C-terminal of E1A binding protein 1 enhances the migration of gastric epithelial cells and has a clinicopathologic significance in human gastric carcinoma

Abstract

Background: Recent studies have claimed that the C-terminal of E1A binding proteins (CtBPs) influence tumorigenesis through participating in cell signal transduction in various human tumors. However, the detailed expression profiles of CtBP isoforms in human gastric cancer (GC) and the molecular mechanisms of CtBP involvement in tumor cell phenotypes warrant further investigation.

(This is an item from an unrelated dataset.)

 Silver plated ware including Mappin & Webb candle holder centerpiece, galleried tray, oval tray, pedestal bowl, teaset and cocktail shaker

Materials and methods: The expression of CtBPs in GC cell lines and a human gastric epithelial cell line were explored via RT-qPCR and Western blotting assays. Moreover, the expression profiles of CtBPs in GC and histologically noncancerous tissues were explored by immunohistochemistry. To explore the effects of CtBP1 on the metastatic phenotype in GC, gastric epithelial cells were transfected with a eukaryotic expression plasmid to overexpress CTBP1, and the endogenous CtBP1 or JAK1 in GC cells was silenced through an RNA interference (RNAi) method. These transfections were validated via Western blotting, and the activation state of the JAK1/Stat3 signaling pathway was also explored via Western blotting. Furthermore, the malignant phenotype of GC cells was evaluated via a Cell Counting Kit-8 (CCK8) assay, colony formation assay, transwell assay, and wound-healing experiment.

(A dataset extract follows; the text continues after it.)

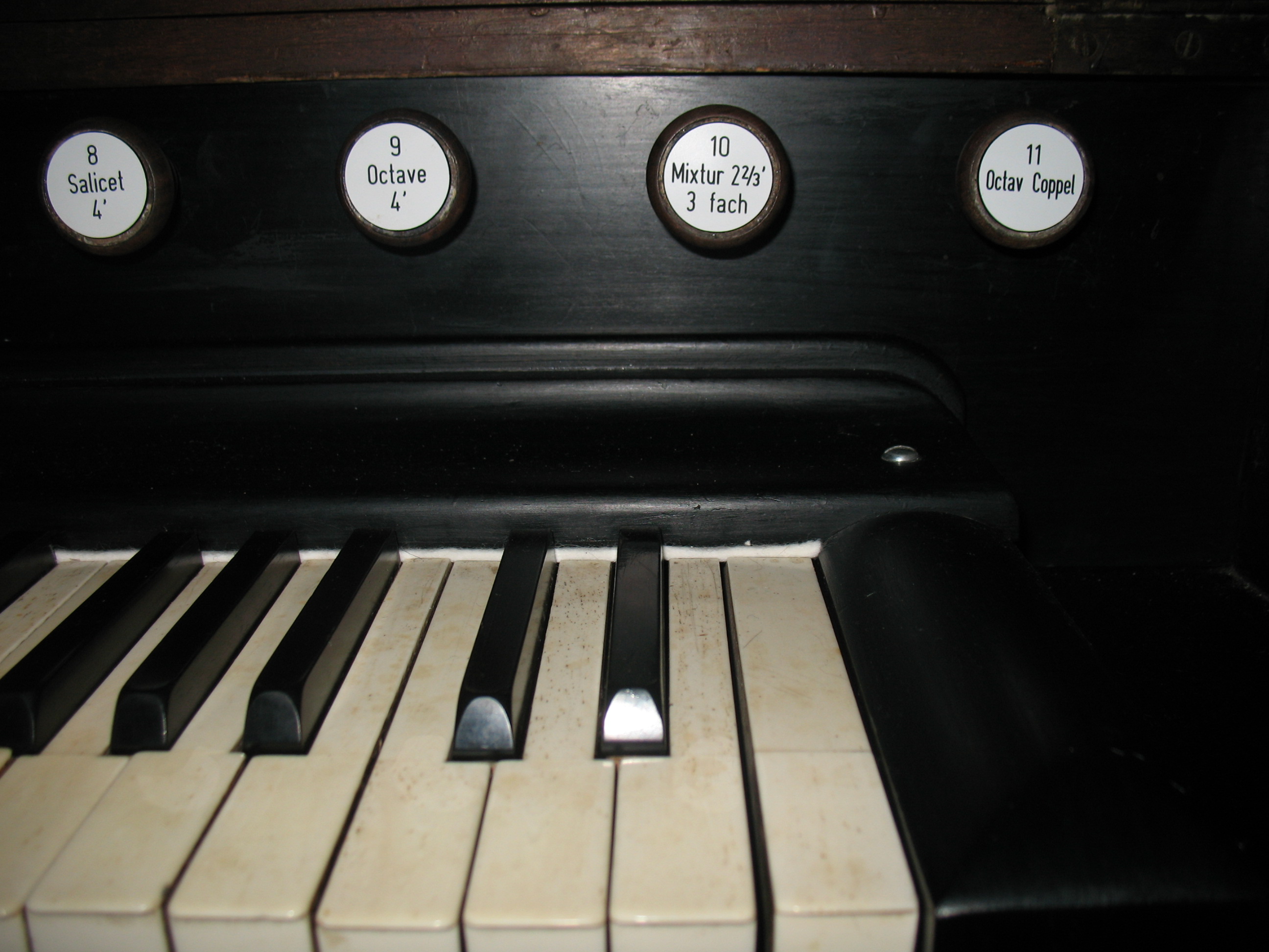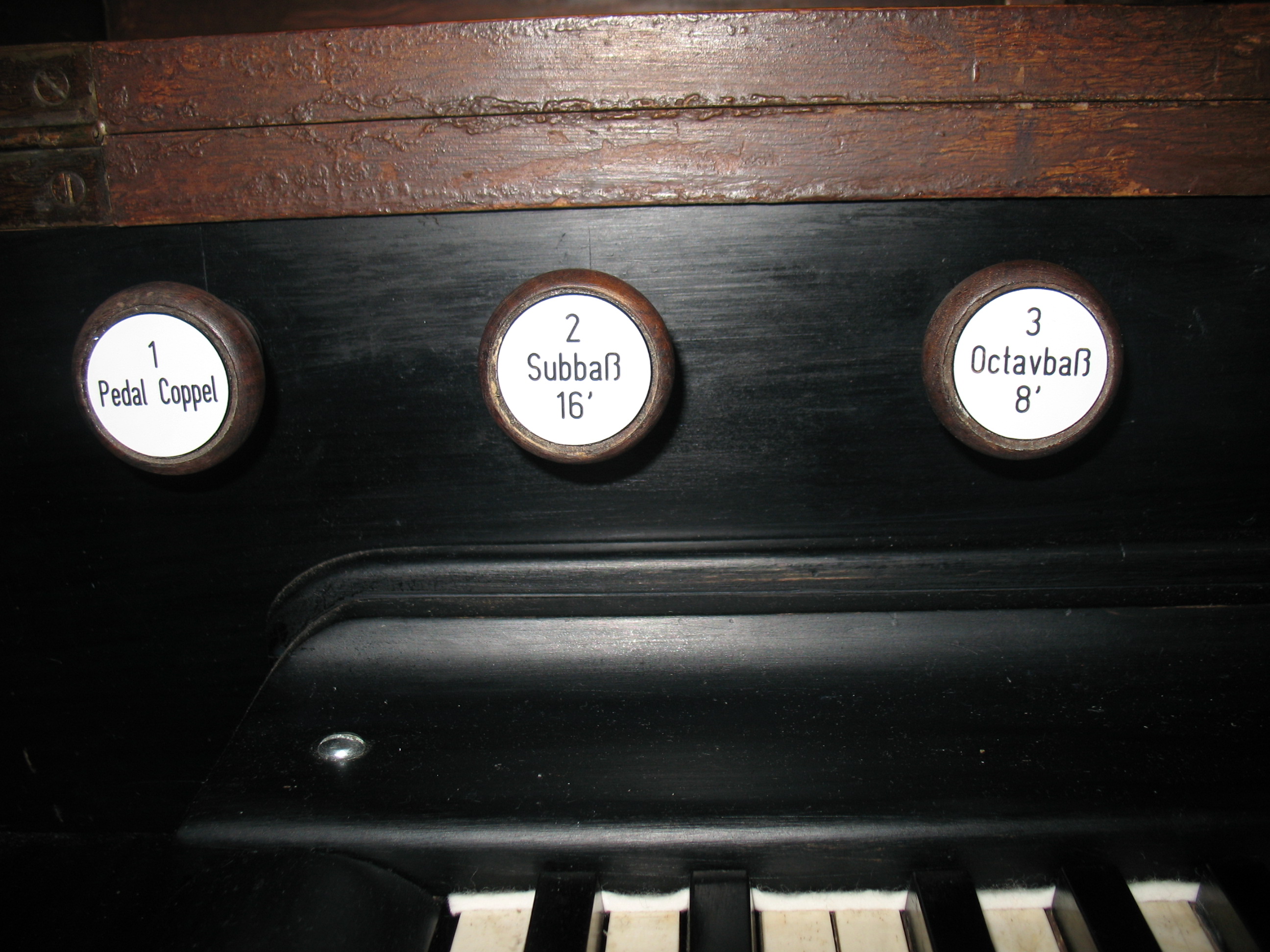 Die Registerzüge sind über der Klaviatur angebracht. Sie haben an den Stirnflächen runde Porzellanscheibchen, auf denen die Registerbezeichnung steht.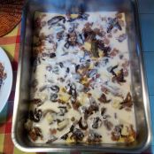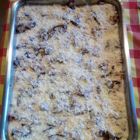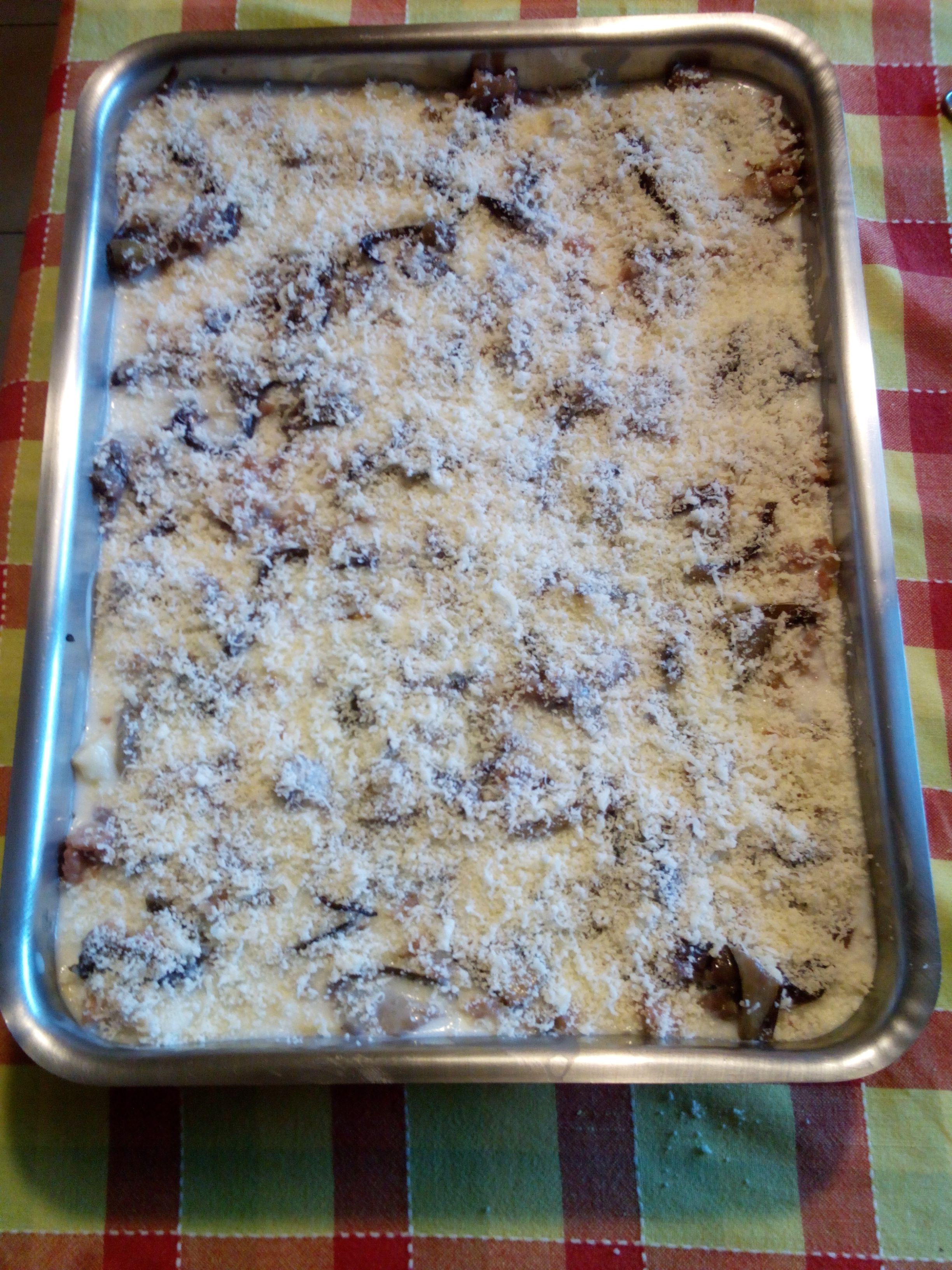 Procedere a strati con il primo strato di besciamella, radicchio e carne.

Results: Our data revealed that the expression of CtBP1, but not CTBP2, was upregulated in 102 GC tissue samples compared with 98 noncancerous tissue samples, and the elevated expression level of CtBP1 was notably associated with distant metastasis. CTBP1 modulated cell migration and invasion through the JAK1/Stat3 signaling pathway in gastric epithelial cells. In addition, genetic silence of CtBP1 expression in GC cells notably constrained cell proliferation, invasion and migration abilities through inhibiting the activation of the JAK1/Stat3 pathway in GC cells.

Conclusion: Our data reveal that the knockout of CtBP1 notably constrains distant metastasis in GC through the JAK1/Stat3 pathway, suggesting that targeting CtBP1 is a practical anti-tumor approach to restrain tumor progression in GC.

Keywords: C-terminus of the E1A binding proteins; Janus Kinase 1; gastric cancer; signal transducer and activator of transcription 3.

Figure 1

The mRNA and protein expression levels of CTBP1 in human gastric epithelial cell line and GC cell lines. (A) The relative mRNA expression of CTBP1 in gastric epithelial cell line and GC cell lines. (B) The relative protein expression of CTBP1 in gastric epithelial cell line and GC cell lines. (C) The corresponding statistical analysis of CTBP1 protein expression. **p<0.01, compared with gastric epithelial cell line.

Figure 2

The expression of CTBP1 in GC patients. (A) Detection of CTBP1 in primary GC tissues and non-neoplastic tissues. (B) Protein expression of CTBP1 in human primary GC tissues and non-neoplastic tissues. (C) Kaplan-Meier Survival Curves and the Log-Rank Test were used in analysis of association between CTBP1 and survival time. (D) The corresponding statistical analysis of CTBP1 protein expression.

Figure 3

The overexpression of CtBP1 significantly promoted the malignant phenotype of gastric epithelial cell line cell. (A) Western blotting was utilized to examine the expression of CTBP1 and the activities level of the JAK1/Stat3 signaling pathway (left), and the corresponding statistical analysis of protein expression (right). Note: normalized with β-actin. (B) Growth curve of GES-1 cells detected by the CCK-8 assay. (C) The abilities of GES-1 cells to form colonies under 2D culture condition were determined through colony formation assay. (D) The Tanswell chambers method was utilized to explore the impact of CTBP1 overexpression on the invasive ability of GES-1 cells in vitro (left), and the corresponding statistical analysis (right). (E) The wound-healing assay was utilized to explore the migration ability of GES-1 cells in vitro. **p<0.01, compared with the vector group.

Figure 4

Loss of CtBP1 or JAK1 decreased the on the migration and invasion ability of GC cells. (A) Western blotting was used to examine the effects of silencing CtBP1 or JAK1 and the activation of the Stat3 signaling pathway in the SGC-790 cell line (left), and the corresponding statistical analysis of protein expression (right). Note: normalized with β-actin. (B) Growth curve of SGC-790 cells detected by the CCK-8 assay. (C)The abilities of SGC-790 cells to form colonies under 2D culture condition were determined through colony formation assay. (D) The Tanswell chambers method was utilized to explore the impact of CTBP1 or JAK1 slience on the invasive ability of SGC-790 cells in vitro (left), and the corresponding statistical analysis (right). (E) The wound-healing assay was utilized to explore the migration ability of SGC-790 cells in vitro. **p<0.01, compared with the scramble group.